"É curioso o destino do escritor. No início é barroco, vaidosamente barroco, e ao
cabo de anos pode lograr, se lhe são favoráveis os astros, não a simplicidade, que não
é nada, mas a modesta e secreta complexidade" (Borges)
A ciência nos ensina que a natureza evolui do simples ao complexo e por isto há no
senso-comum a noção de que tudo é assim. Nas artes e na literatura em geral os efeitos
deste pensamento equivocado é catastrófico.
Contrário ao conselho de Mario Quintana que devemos primeiro ser artesãos e, só com a
mestria que o tempo e a experiência dão, tornarmos-nos artistas, hoje todos querem
iniciar no topo. As condições de ignorância generalizada e desprezo (preguiça) pelo
passado, somado ao câncer do talento que é a vaidade, tornam muito propício a
generalização de obras que escondem sua incompetência e insensibilidade atrás de um
pretenso hermetismo.
Borges, a quem a fama de hermético demonstra que é muito mais citado do que lido,
esforçou-se ao máximo para simplificar seu texto. Nele o absurdo e o assombroso, as
idéias metafísicas mais estapafúrdias estão descritos de forma transparente. Diria
alguém que falando de coisas tão fantásticas seria possível suprimir o assombro da
forma porque há o suficiente no conteúdo, o que talvez seja uma crítica pertinente, mas
que não invalida o esforço do autor para tentar cumprir a máxima de Victor Hugo de
sermos inteligívies apra mostrarmos que somos inteligentes.
Superar este tendência a se mostrar e ostentar uma pretensa superioridade é um desafio a
qualquer escritor. O barroquismo que Borges menciona pode ser notado em qualquer um ao
qual o talento ou não existe ou ainda é superado pela vil vaidade. Ele denota,
sobretudo, aquele que ainda não se libertou da masmorra da opinião dos outros, que é
ainda escravo porque não escreve para si, mas para os outros.
Isto seria tolerável se fosse apenas um mal de escritores e artistas, mas é algo comum a
todos. Vive-se para os outros, age-se de forma a agradar - ou desagradar, o que no fundo
é a mesma coisa - o nosso meio. E se faz isso porque não se é livre, livre não dos
outros, mas de nós mesmos, somos os nossos próprios feitores.
Vive-se o medo das nossas fraquezas e sentimentos e é para enfrentá-las, encarcerá-las
que se cria um outro eu que tenta ocultar do mundo a verdadeira face. Borges por diversas
vezes brincou com este outro eu que se comportava como um personagem e transformava as
coisas improtantes para Borges-de-verdade em brinquedos da vaidade do Borges-o-outro.

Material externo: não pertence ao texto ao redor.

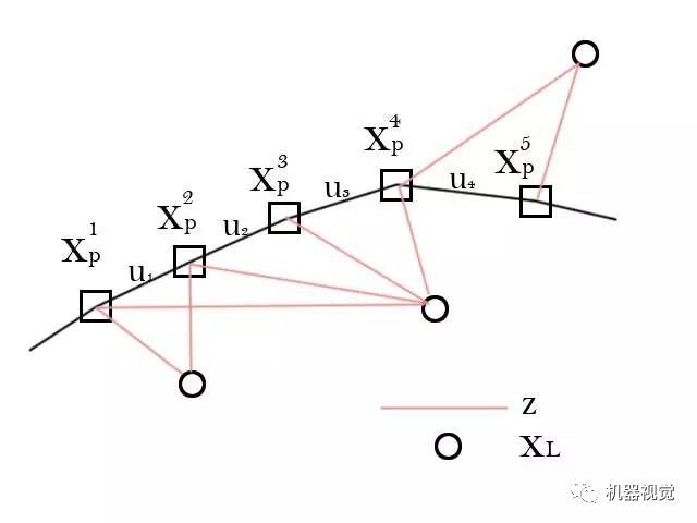 不管你用哪种参数,后面两个方程你都需要知道。前一个叫运动方程,描述机器人怎样运动。u是机器人的输入,w是噪声。这个方程最简单的形式,就是你能通过什么方式(码盘等)获得两帧间的位移差,那么这个方程就直接是上一帧与u相加即得。另外,你也可以完全不用惯性测量设备,这样我们就只依靠图像设备来估计,这也是可以的。
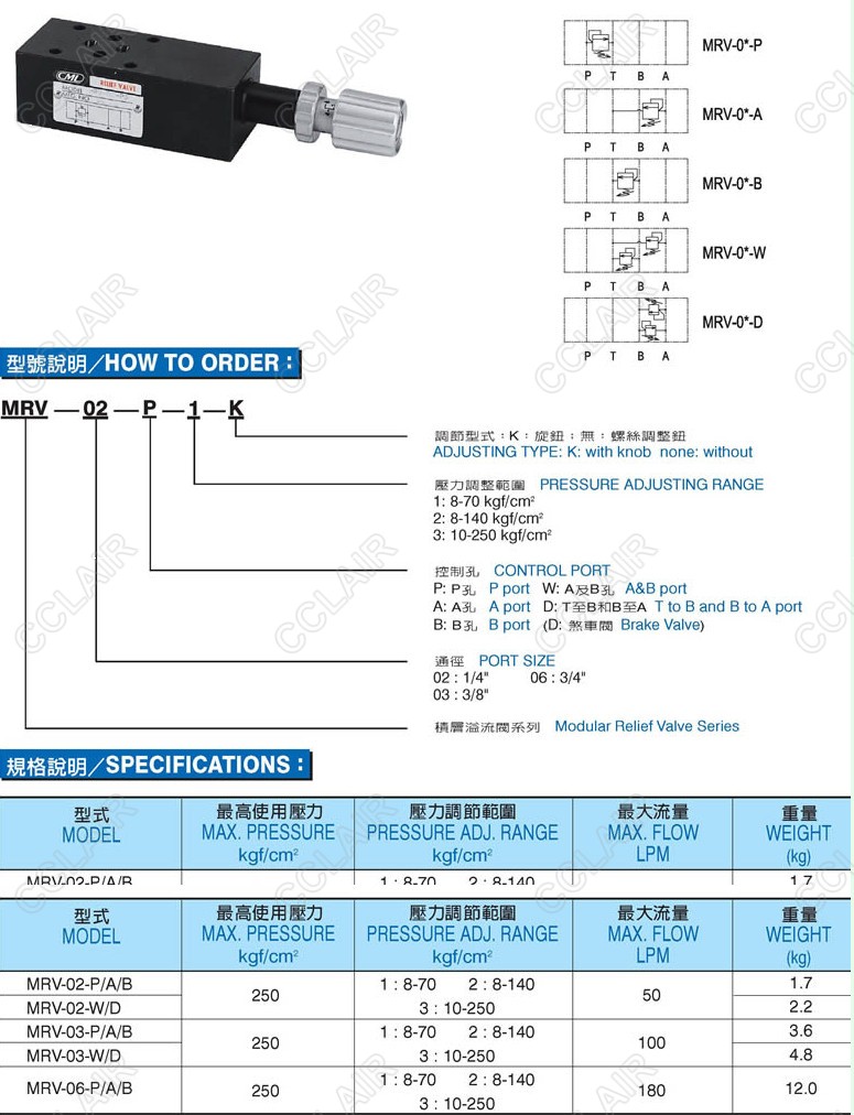 MRV-02-P-1-K,MRV-02-A-2,MRV-03-P-3-K,MRV-06-P-1,MRV-06-B-3,积層型溢流阀CML

Fernando Pessoa foi capaz de sintetizar esta necessidade do eu-vitorioso no "Poema em
linha reta", aonde seu heterônimo Alvaro de Campos questiona: "Nunca conheci
quem tivesse levado porrada. Todos os meus conhecidos têm sido campeões em tudo".
Tentamos ser semi-deuses e heróis quando seria bastante que fossemos humanos.
Romper a muralha criada por este outro eu, que nos quer sempre fortes, belos e sábios é
certamente o mais elevado passo que se pode dar em relação à própria liberdade. Mas
este umbral Não pode ser transposto pela razão, como já disse em artigo anterior
Virgílio não podia guiar Dante além do Paraíso Terrestre, para chegar ao fim da
jornada o poeta precisou que Beatriz lhe mostrasse o caminho até a luz.
Há me todos um conflito entre o nosso eu verdadeiro e aquele que criamos para nós, raras
vezes o primeiro consegue ser vitorioso, e mesmo quando ele obtém a rara vitória em
geral somos velhos demais para colher os frutos desta libertação. Alguns buscam esta
alforria no persistente abandono da sociedade, na tentativa sucessiva de irritar seus
carcereiros, mas ao fazer isto só conseguem aumentar o peso dos grilhões que tem no pé
porque a favor ou contra continuam a ter os outros como referencial.
Borges foi capaz de obter esta liberdade e por isto sua obra é sincera. Paradoxalmente
obteve maior sucesso por isto porque a multidão de escravos admira o homem livre porque
sabe que ele já não pode mais ser destruído.